In some cases, you can identify forward-looking statements by terminology such as “aim,” “anticipate,” “assume,” “believe,” “contemplate,” “continue,” “could,” “due,” “estimate,” “expect,” “goal,” “intend,” “may,” “objective,” “plan,” “predict,” “potential,” “positioned,” “seek,” “should,” “target,” “will,” “would” and other similar expressions that are predictions of or indicate future events and future trends, or the negative of these terms or other comparable terminology, although not all forward-looking statements contain these words. Any forward-looking statements contained herein are based on our historical performance and our current plans, estimates and expectations and are not a representation that such plans, estimates, or expectations will be achieved. These forward-looking statements represent our expectations as of the date of this press release. Subsequent events may cause these expectations to change, and we disclaim any obligation to update the forward-looking statements in the future, except as required by law. These forward-looking statements are subject to known and unknown risks and uncertainties that may cause actual results to differ materially from our current expectations.

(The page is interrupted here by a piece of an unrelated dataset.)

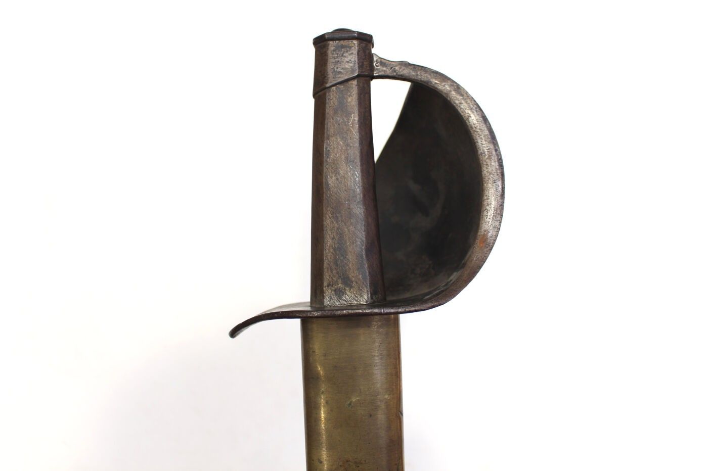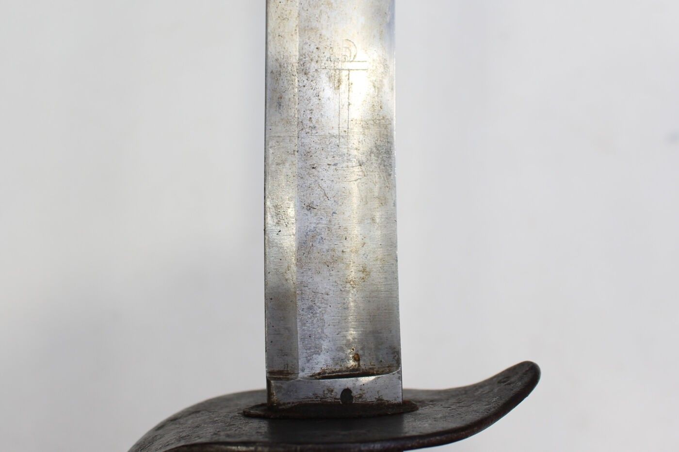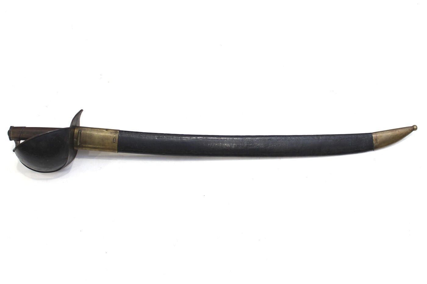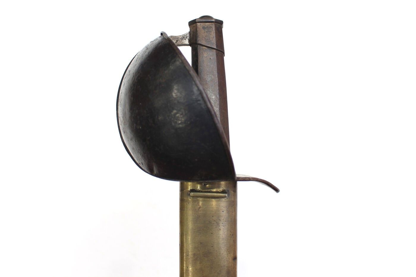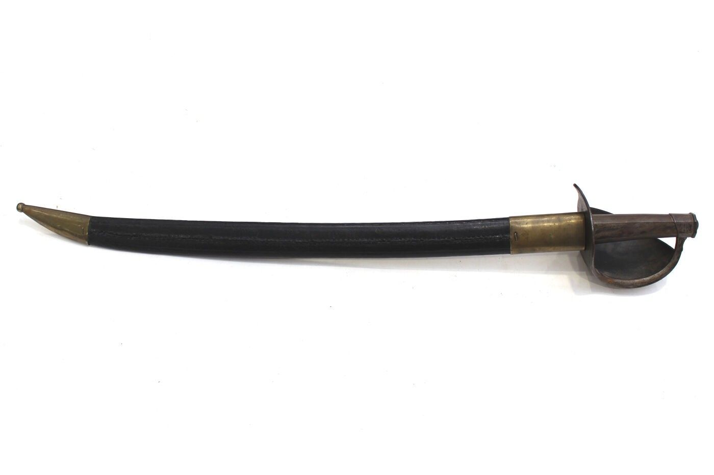 Model 1833 boarding sword, France, July Monarchy. Blade marked on the back Manufacture Rolale de Châtellerault October 1842, naval anchor engraved on each side, hallmarked on the fort. Black leather scabbard with two brass fittings, cap stamped with a naval anchor. Total length 84 cm, blade 68 cm. Good condition, slight oxidation from use.

Important factors that could cause actual results to differ materially from those anticipated in our forward-looking statements include, but are not limited to, the current volatile economic climate and its direct and indirect impact on our business and operations; political, economic, and military conditions in Israel and other geographies; our ability to retain our customers and meet demand; our ability to achieve and maintain profitability; the evolution of the markets for our offerings; our ability to keep pace with technological and competitive developments; risks associated with our use of certain artificial intelligence and machine learning models; our ability to maintain the interoperability of our offerings across devices, operating systems and third-party applications; risks associated with our Application Programming Interfaces, other components in our offerings and other intellectual property; our ability to compete successfully against current and future competitors; our ability to increase customer revenue; risks related to our approach to revenue recognition; our potential exposure to cybersecurity threats; our compliance with data privacy and data protection laws; our ability to meet our contractual commitments; our reliance on third parties; our ability to retain our key personnel; risks related to revenue mix and customer base; risks related to our international operations; risks related to potential acquisitions; our ability to generate or raise additional capital; and the other risks under the caption “Risk Factors” in our Annual Report on Form 10-K for the fiscal year ended December 31, 2024, filed with the Securities and Exchange Commission (“SEC”), as such factors may be updated from time to time in our other filings with the SEC, which are accessible on the SEC’s website at www.sec.gov and the Investor Relations page of our website at investors.kaltura.com.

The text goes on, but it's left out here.